What the task requires: In the material below, find the line with "4.5 粒子的波动性和量子力学的建立 (学生版)" and the line with "Whether or not", then output both and every line between them exactly, omitting pictures.
--- Supplied material Enclosed Below ---
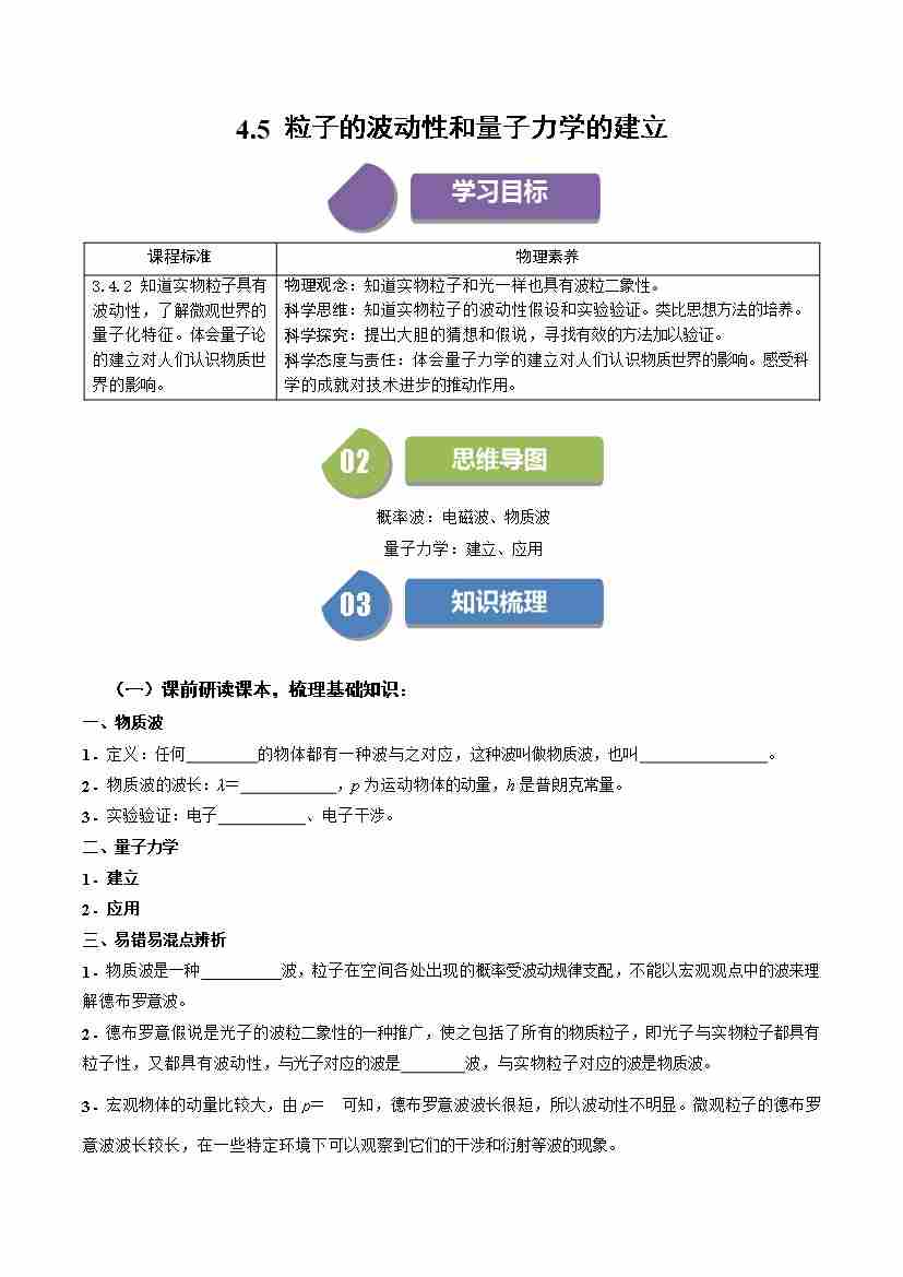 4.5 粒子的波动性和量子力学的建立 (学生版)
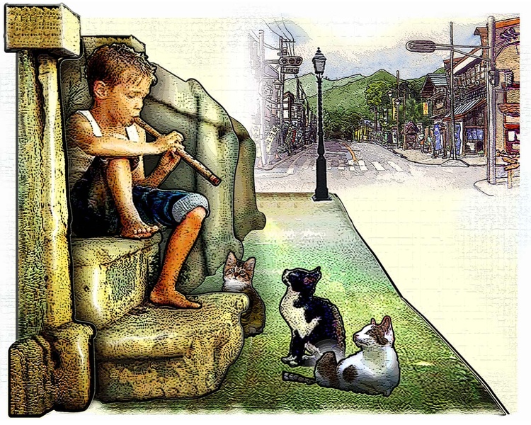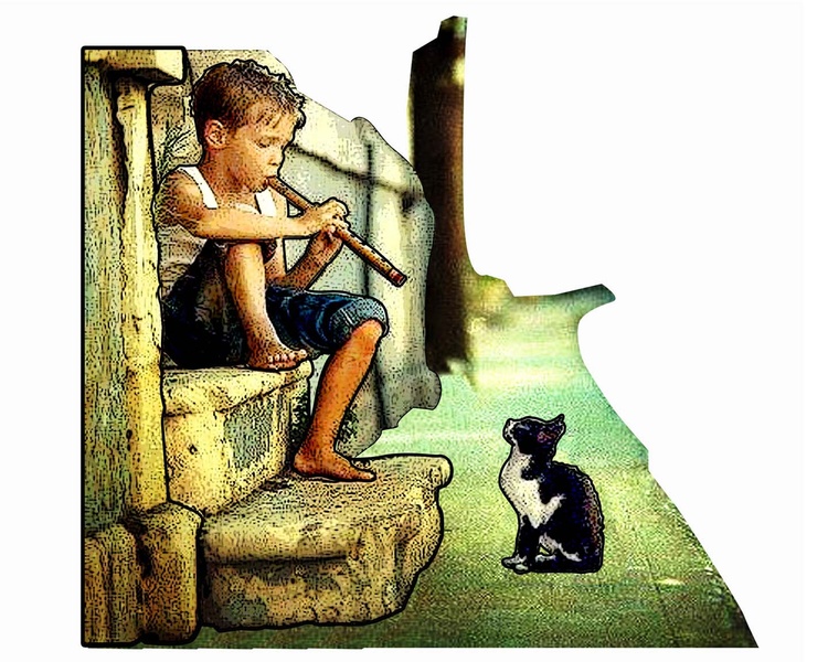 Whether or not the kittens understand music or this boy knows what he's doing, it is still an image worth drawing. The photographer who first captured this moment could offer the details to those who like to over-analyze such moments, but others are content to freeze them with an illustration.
--- End of Enclosed Supplied material ---
--- Supplied material Enclosed Below ---
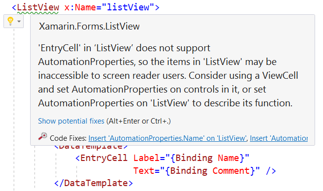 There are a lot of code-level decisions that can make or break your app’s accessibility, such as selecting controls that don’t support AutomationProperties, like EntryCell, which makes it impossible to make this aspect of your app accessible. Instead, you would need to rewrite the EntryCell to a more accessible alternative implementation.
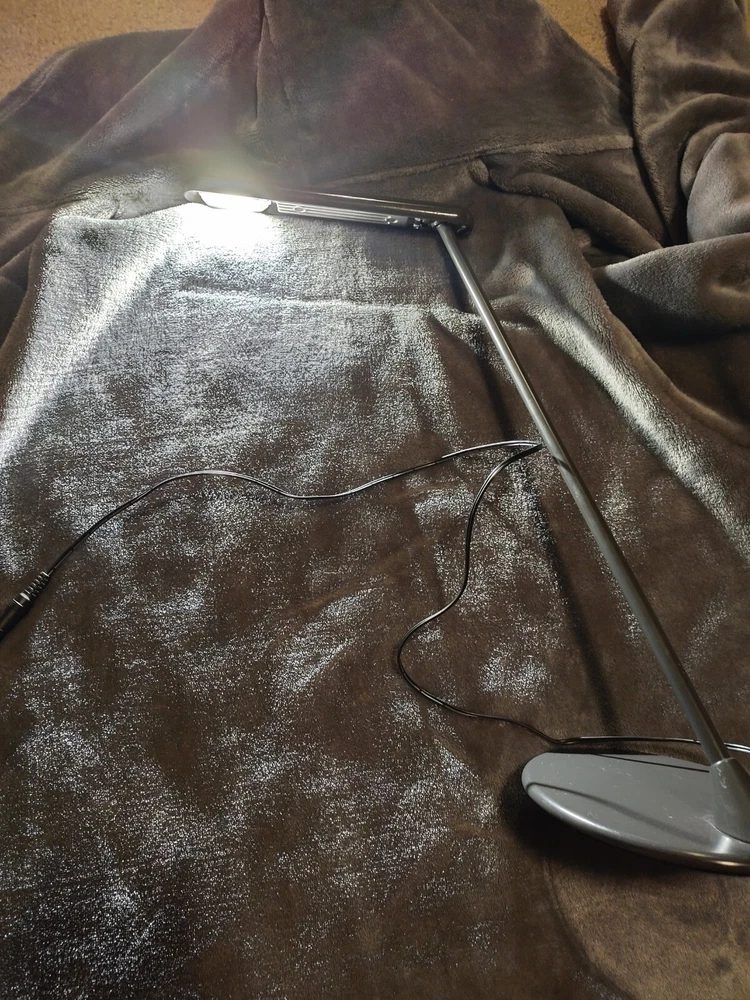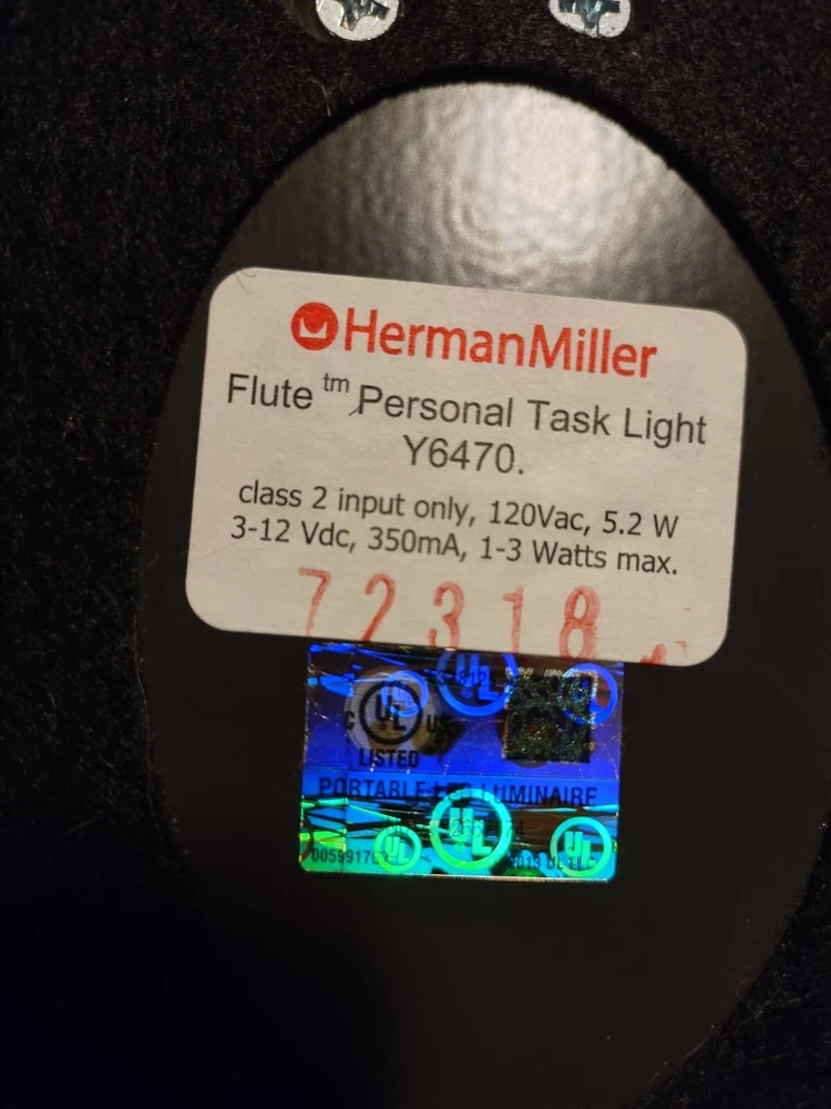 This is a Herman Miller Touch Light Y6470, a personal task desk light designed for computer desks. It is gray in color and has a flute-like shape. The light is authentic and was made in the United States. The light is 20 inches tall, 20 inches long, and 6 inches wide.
--- End of Enclosed Supplied material ---
Result of the task:
 4.5 粒子的波动性和量子力学的建立 (学生版)
 Whether or not the kittens understand music or this boy knows what he's doing, it is still an image worth drawing. The photographer who first captured this moment could offer the details to those who like to over-analyze such moments, but others are content to freeze them with an illustration.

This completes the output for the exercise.